Warna putih hilang. Penglihatan kembali seperti sedia kala. Ye bersama Zet tengkurap di atas aspal, bersimbah darah. Pakaian dan tas mereka sobek-sobek, berlumur cairan merah. Genangan darah pun meluas perlahan.

Angkot yang mereka tumpangi menabrak pohon penghijauan, terjungkal hingga terbalik. Si sopir selamat, langsung lari terbirit-birit. Pedestrian menghampiri dengan raut muka prihatin. Kendaraan sekitar pula berhenti. Sejumlah orang memeriksa keadaan kedua remaja sekolahan itu, mengecek denyut nadi di lengan nan terluka.

Nihil.

Ye dan Zet mati.

Saat badan mereka dibalik, tampak wajah yang memperlihatkan ekspresi bahagia. Mata membuka. Mulut tersenyum lebar.

***

Pagi itu ialah tragedi berdarah.

Di pinggir sawah padi nan rimbun, sebuah motor terguling. ¹Seorang pelajar SMP menghantam batu tepat pada kepala, menyebabkan tengkorak pecah serta otak tercecer keluar.

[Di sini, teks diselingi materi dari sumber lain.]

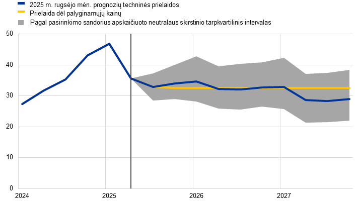 Pastabos: lygių korekcijos išreikštos procentais, o augimo tempų – procentiniais punktais ir procentais per metus. Augimo tempų ir palūkanų normų korekcijos apskaičiuotos remiantis vienos dešimtosios tikslumu suapvalintais skaičiais, o procentais išreikštos korekcijos apskaičiuotos remiantis nesuapvalintais skaičiais. Techninės prielaidos dėl euro zonos palūkanų normų ir žaliavų kainų grindžiamos rinkos lūkesčiais (galutinė duomenų įtraukimo data – 2025 m. rugpjūčio 15 d.). Naftos kainos – tai „Brent“ žalios naftos neatidėliotinų sandorių ir ateities sandorių kainos. Dujų kainos – tai Nyderlandų TTF dujų neatidėliotinų sandorių ir ateities sandorių kainos. Elektros energijos kainos – tai penkių didžiausių euro zonos šalių vidutinės didmeninės neatidėliotinų sandorių ir ateities sandorių kainos. ES ATLPS1 apyvartinių taršos leidimų „sintetinė“ ateities sandorių kaina nustatoma kaip dviejų artimiausių Europos energijos biržos apyvartinių taršos leidimų ateities sandorių linijiniu būdu interpoliuota mėnesio pabaigos vertė. Tada apskaičiuojamas apyvartinių taršos leidimų ateities sandorių kainų mėnesio vidurkis kaip metinio dažnio ekvivalentas. Jeigu prasmingų prekybos ATLPS2 leidimais duomenų neturima, ekspertai prielaidas dėl kainos nustatė pagal mažiausią kainą, kurią viršijus būtų išleisti papildomi apyvartiniai taršos leidimai, ir tą kainą atnaujino pagal 2027 m. kainas (daugiau apie tai – 2024 m. gruodžio mėn. Eurosistemos ekspertų prognozių 2 intarpe „Su klimato kaita susijusių pertvarkų politikos poveikio augimui ir infliacijai vertinimas“). Žaliavų kainų raida įvertinama pagal dešimties darbo dienų laikotarpio iki galutinės duomenų įtraukimo dienos ateities sandorių rinkas. Dvišaliai valiutos kursai prognozių laikotarpiu greičiausiai nesikeis ir bus tokie, kokie vidutiniškai buvo dešimt darbo dienų iki galutinės duomenų įtraukimo dienos. Prielaidos dėl euro zonos 10 m. vyriausybės obligacijų nominaliojo pajamingumo grindžiamos šalių 10 m. obligacijų pajamingumo svertiniu vidurkiu, svorius apskaičiuojant pagal metinius BVP duomenis. Kai turima reikiamų duomenų, konkrečios šalies 10 m. vyriausybės obligacijų nominalusis pajamingumas apibrėžiamas kaip 10 m. lyginamųjų obligacijų pajamingumas, pratęstas naudojant išankstinių sandorių nominalųjį pajamingumą, kuris išvedamas iš atitinkamų konkrečios šalies paskutinės duomenų įtraukimo dienos pajamingumo kreivių. Kitų šalių 10 m. vyriausybės obligacijų pajamingumas apibrėžiamas kaip 10 m. lyginamųjų obligacijų pajamingumas, pratęstas techninėms prielaidoms dėl euro zonos nerizikingų ilgalaikių palūkanų normų pritaikius pastovią (paskutinės duomenų įtraukimo dienos) maržą.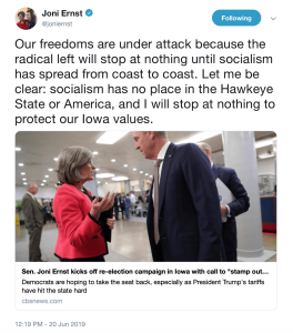 “Our freedoms are under attack because the radical left will stop at nothing until socialism has spread from coast to coast,” Ernst said in June 20 tweet. “Let me be clear: socialism has no place in the Hawkeye State or America, and I will stop at nothing to protect our Iowa values.”

Selepas kebut-kebutan, ²dua pelajar SMP saling bertabrakan, terhempas sejauh beberapa meter dan tersangkut di dahan pohon dengan leher mereka tertusuk kayu.

Berboncengan tiga dalam satu motor, ³pelajar SMP menubruk gerobak pedagang kaki lima, dan malangnya sekujur tubuh mereka tertusuk-tusuk oleh pecahan piring serta mangkuk.

⁴Seorang pelajar SMP diseruduk saat menyeberang perempatan, tubuhnya begitu mengenaskan dengan lengan serta kepala hancur tergilas.

⁵Pelajar SMP terlindas bus saat berjalan melalui zebra cross. Naas, lehernya terjepit di roda belakang sehingga patah begitu saja.

Mengantuk, ⁶motor pelajar SMP menabrak truk yang sedang parkir di pinggir jalan. Tubuhnya terguling-guling, bersimbah darah, hingga terjebak di selokan nan dalam.